In the U.S., pastor Raleigh Sadler has been working to recruit churches to stand against the human trafficking and labor trafficking that often victimize migrants. While the April 18 mass death in the Mediterranean may look like a failed smuggling operation, Sadler said it has some earmarks of slavery.

“It has been reported by The Wall Street Journal that many on the boat were kept in a state of deprivation, with some beaten by their smugglers. To make matters worse, as the boat capsized, many migrants were trapped behind locked doors,” Sadler said. “Though at first glance the situation looks as if it were simply a smuggling operation gone wrong, the locked doors and the deprivation tell a different story. As these men were forced into cramped living quarters, we see the makings of human trafficking. Though sex trafficking is more prevalent in the media, the United Nations asserts that of the at least 21 million in forced labor, 22 percent are in forced sexual exploitation while 70 percent are trafficked for labor.”

Two of the smugglers, a Tunisian captain and a Syrian crew member of the capsized boat, have been arrested, charged with favoring illegal immigration. In addition, the captain is charged with reckless multiple homicide. Only 27 of the more than 850 aboard the boat survived, and few bodies have been recovered.

Sadler, pastor of collegiate and justice ministries at the Gallery Church in New York, said Christians especially should be abolitionists and advocates of justice for mistreated foreigners.

God “executes justice for the fatherless and the widow, and loves the sojourner, giving him food and clothing,” Sadler said. “Each and every person on that boat had a name. Each was made in the same divine image as you or I. This passion for the vulnerable, especially the immigrant, is seen throughout the Scriptures as He calls His people to care for the widow, orphan and sojourner.”

Christians and migrants share the need for a Savior, Sadler said.

“This is a story that, believe it or not, is our story. Because of our vulnerability and sinful captivity, God became vulnerable to the point of death on the cross,” he said. “On that day, rescue came in the form of a vulnerable man dying a tragic death. May His vulnerability for us drive us to care for those who are vulnerable among us.”

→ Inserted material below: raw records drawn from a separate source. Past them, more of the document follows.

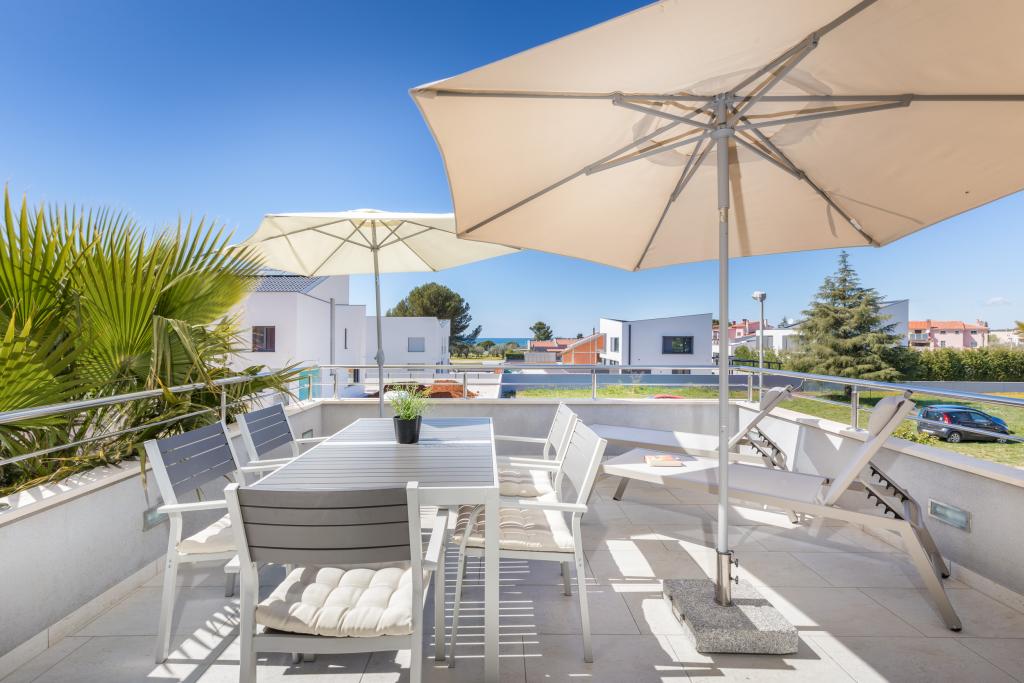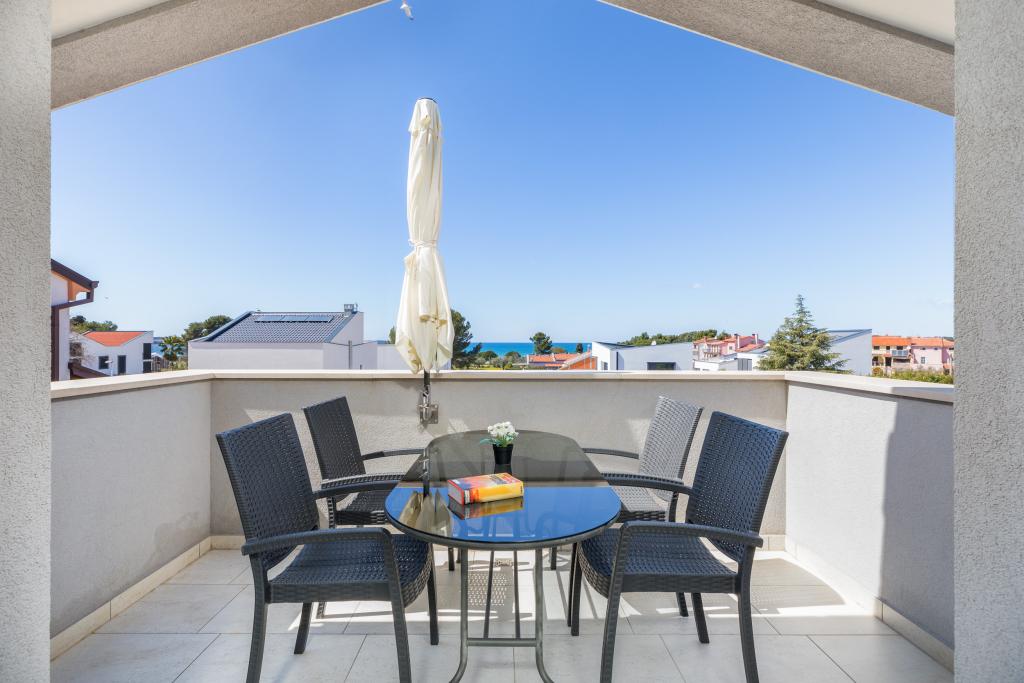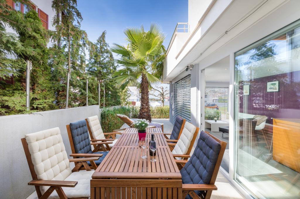 Modern house with 5 apartments, overlooking the sea, 200 m from the beach. Each apartment has a parking space in front of the house. Near the building there is a complete program that is necessary for a pleasant vacation. (shopping, beach, doctor, restaurants, bar, old town, etc.) All this is within a few minutes' walk.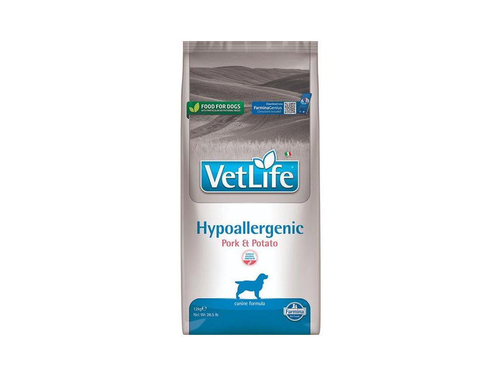 Farmina Vet Life Hypoallergenic Pork & Potato je kompletní suché dietetické krmivo pro psy určené ke snížení výskytu potravinových alergií a nesnášenlivostí (intolerancí). Granule se používají také pro podporu správných funkcí kůže v případě kožních poruch a nadměrné ztráty srsti. Jediným zdrojem proteinů v krmivu je dehydrovaný vepřový protein a jediným zdrojem sacharidů batáty, čímž je eliminována nesnášenlivost vůči jiným složkám potravy.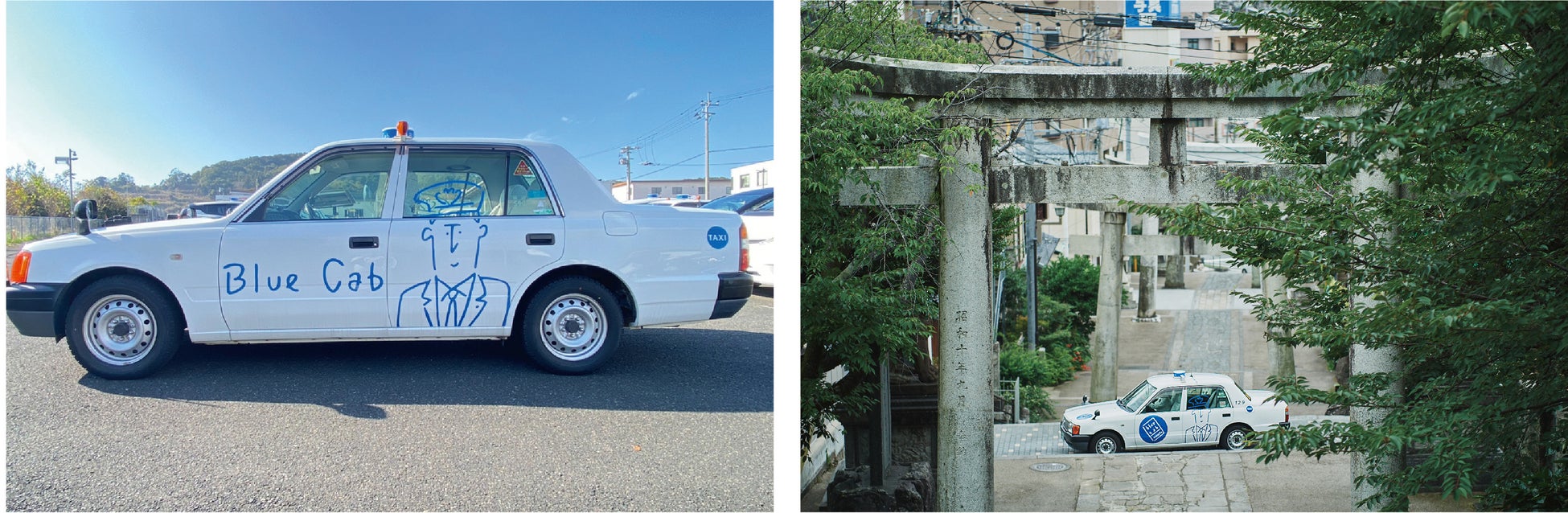提携するタクシー会社は、マツダモビリティ佐賀のグループ会社である、アーティスト長場雄のラッピングタクシーが魅力的な「ブルーキャブ」。空港では、タクシードライバーが陶々亭専用のご案内ボードで、丁寧にお客様をお出迎えし、陶々亭までアテンドします。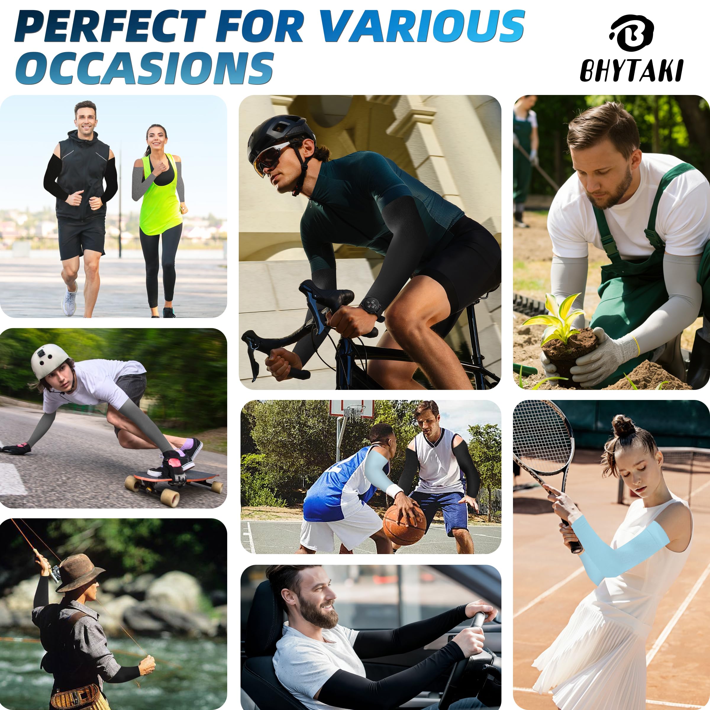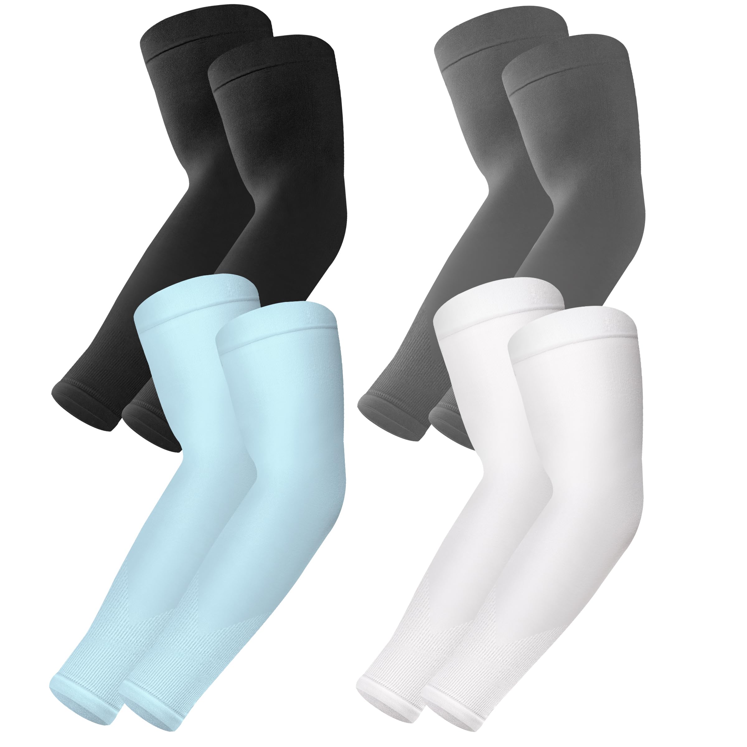 【Arm Sleeves UPF50+ Protection Design】Our arm sleeves set contains - 1 pairs of Black+1 pairs of Dark Gray+1 pairs of White+1 pairs of Light Blue. Our UPF 50+ sun sleeves for men women are made of high-quality soft fabric with added anti-ultraviolet ingredients , can really block up to 98% of harmful UVA and UVB rays, can block harmful sunlight when playing golf, shooting, running, cycling, gardening, working, etc., and prevent skin from sunburn and aging.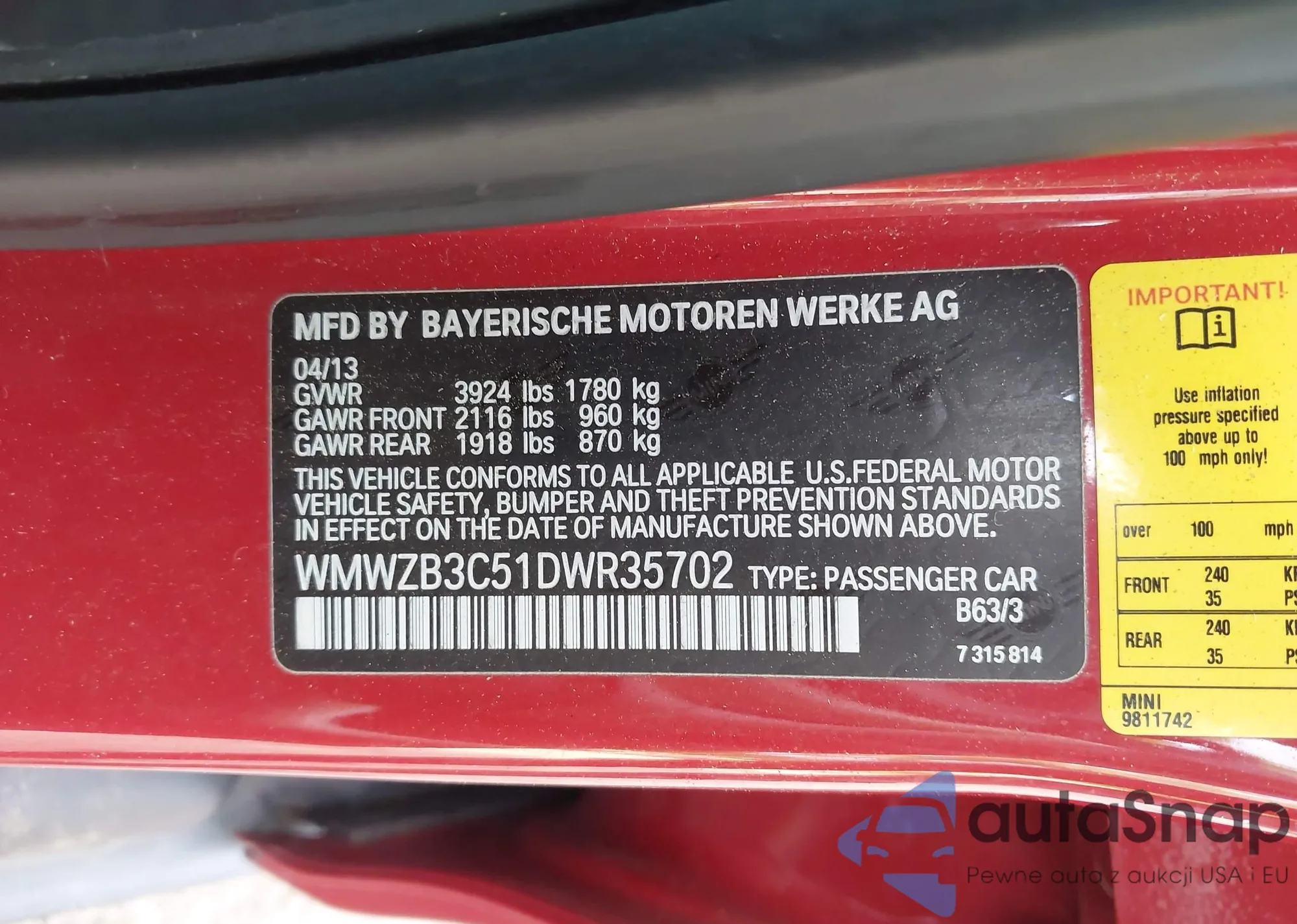 VIN: WMWZB3C51DWR35702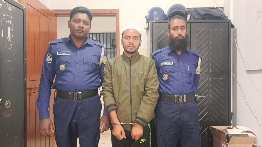 পটুয়াখালীর কুয়াকাটায় ব্যবসা প্রতিষ্ঠানে হামলা ও ভাংচুরের ঘটনার মূল আসামী মাকসুদ আকনকে গ্রেফতার করছে পুলিশ।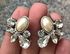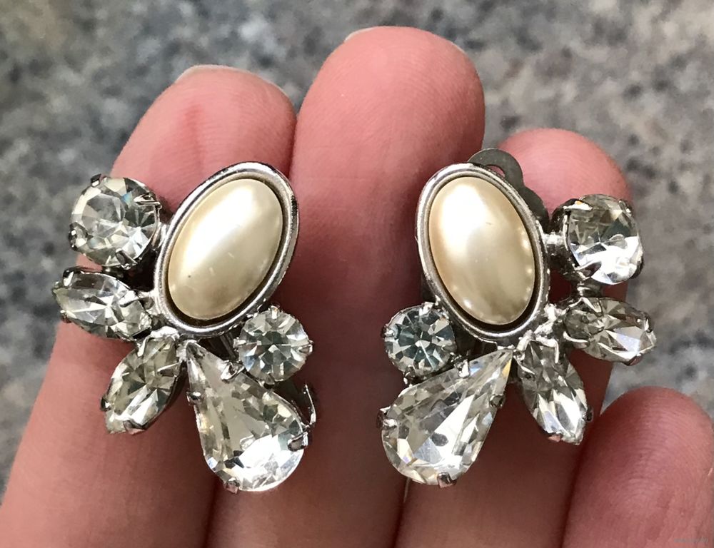 Винтажные крупные клипсы с основой из металла серебристого тона. Вставки из кристаллов и стекла с покрытием под жемчуг. Размер клипсы 2,5х2,2см. На вставках под жемчуг есть небольшие царапки.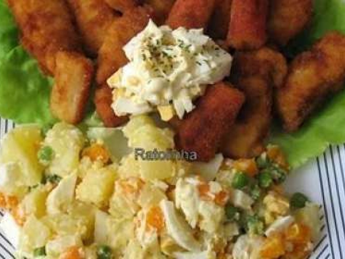 Douradinhos com molho tártaro Prato PrincipalMédio40 min Enviar esta receita a um amigo Imprima esta página Falar com o autor da receita Fez esta receita? Compartilhe Ingredientes 3 0,5 kg de filetes de peixe 8 delicias do mar sal, pimenta e sumo de limão Farinha, ovo batido, pão ralado Maionese, pickles e ovos cozidos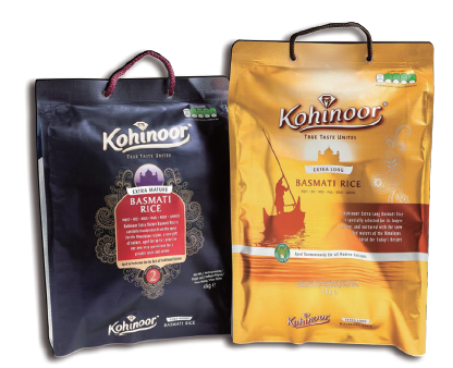 Kohinoor 大米包装袋用三层柔性薄膜(BOPP 薄膜/ 金属化BOPET 薄膜/LDPE 薄膜)制成;采用轮转凹版印刷技术进行八色哑光反转印刷。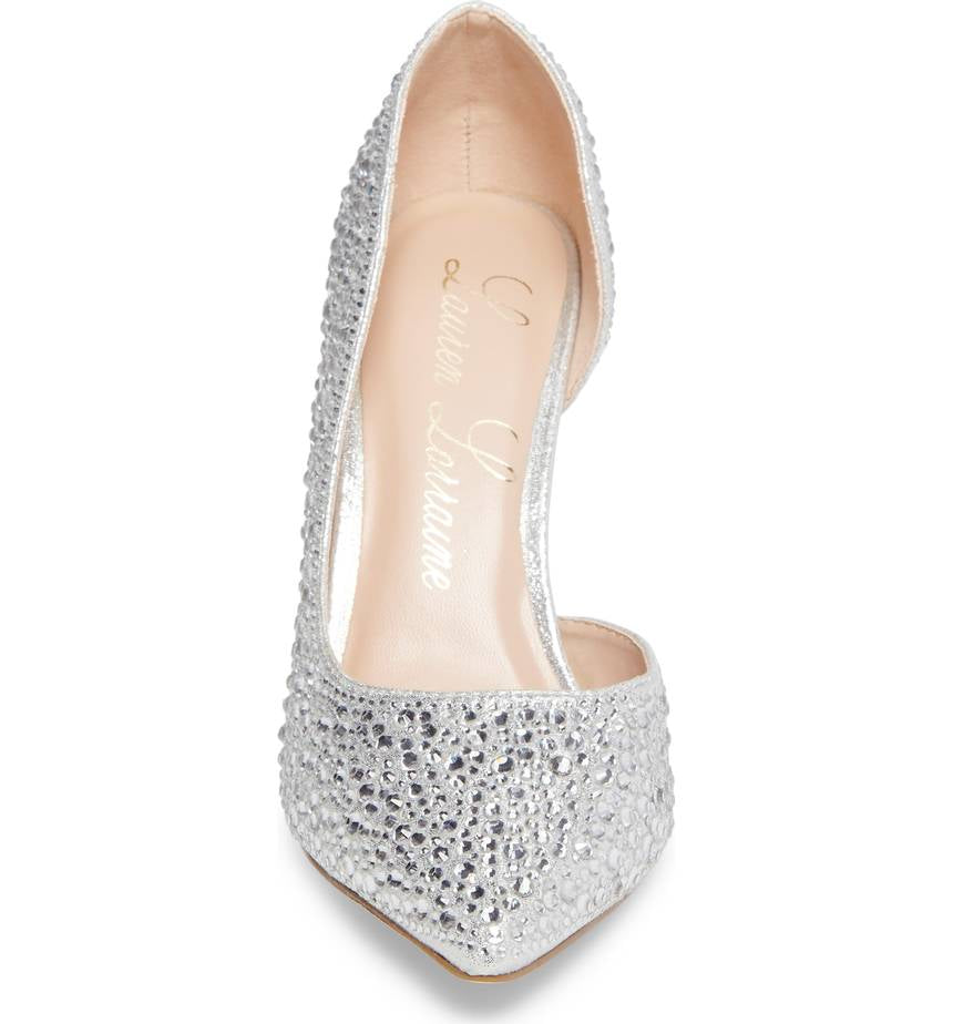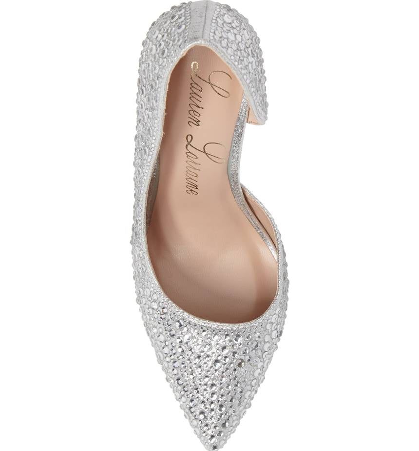 Lauren Lorraine Ruby Silver Shimmer Rhinestone Embellished Half Pointed Pumps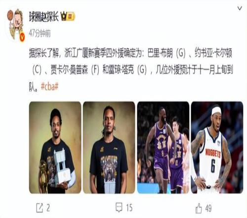 据媒体人“赵探长”报道,浙江广厦俱乐部四名外援全部确定下来了,广厦已经与他们达成了签约,这四名外援分别是巴里-布朗、约书亚-卡尔顿、贾卡尔-桑普森、雷琼-塔克,预计11月中旬可以与广厦会合。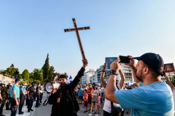 Οι διαδηλωτες κρατούσαν ελληνικές σημαίες, εικόνες και μεγάλους σταυρούς, ενώ στα πανό αναγραφόταν συνθήματα όπως: «Όχι στα εμβόλια του φασισμού και του θανάτου», «Η μετάλλαξη των Ελλήνων λέγεται ενότητα», «Οχι στον υποχρεωτικό εμβολιασμό». Κάποια άλλα έκαναν λόγο για «ναζιστικά εμβόλια και τσιπάκια».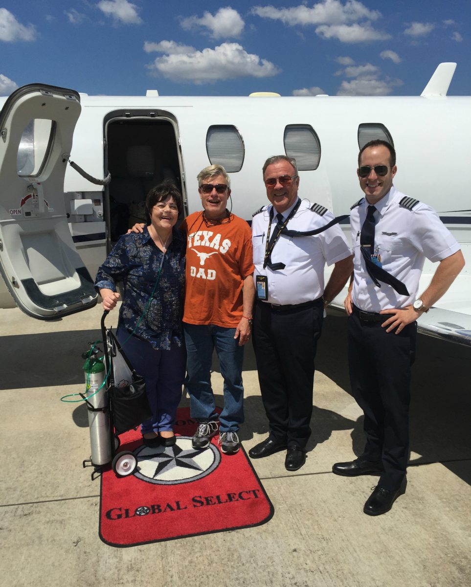 I scoured the internet for other possibilities, because I wanted to go so much. I discovered I could charter an air ambulance equipped with big tanks of oxygen to fly to Houston. A wonderful solution … but very expensive. It cost $39,000 for this round-trip flight, including the plane, gas, oxygen, pilots and a medical person on board to monitor my oxygen levels, plus their expenses in Houston.

Protestant churches are rare in Cyprus, but the migrant center there has received aid from the Christian community, aid workers said.

“Currently, we are mainly supported by U.S. churches,” one worker said. “For two years in a row we were given a grant through Lange’s Trust, a British trust. A few individuals and some churches in Great Britain have given us a one-time gift. This covered our rent. The local Protestant churches are very small in number, so they are unable to support us. However, the volunteers come from these churches and they support our fundraising events.”

Aid workers who serve at the center report blessings flowing both from and to them.

One worker who teaches English at the center said God used her service there to open her eyes to the plight of refugees.

“I didn’t know anything before this,” the worker said. “I desire to meet their needs and share God’s love to them. I have witnessed humility in the refugees and [therefore] I am becoming more humbled.”

Yet another aid worker has become more convinced of God’s sovereignty.

“He is in control even when it doesn’t look like it,” the worker said.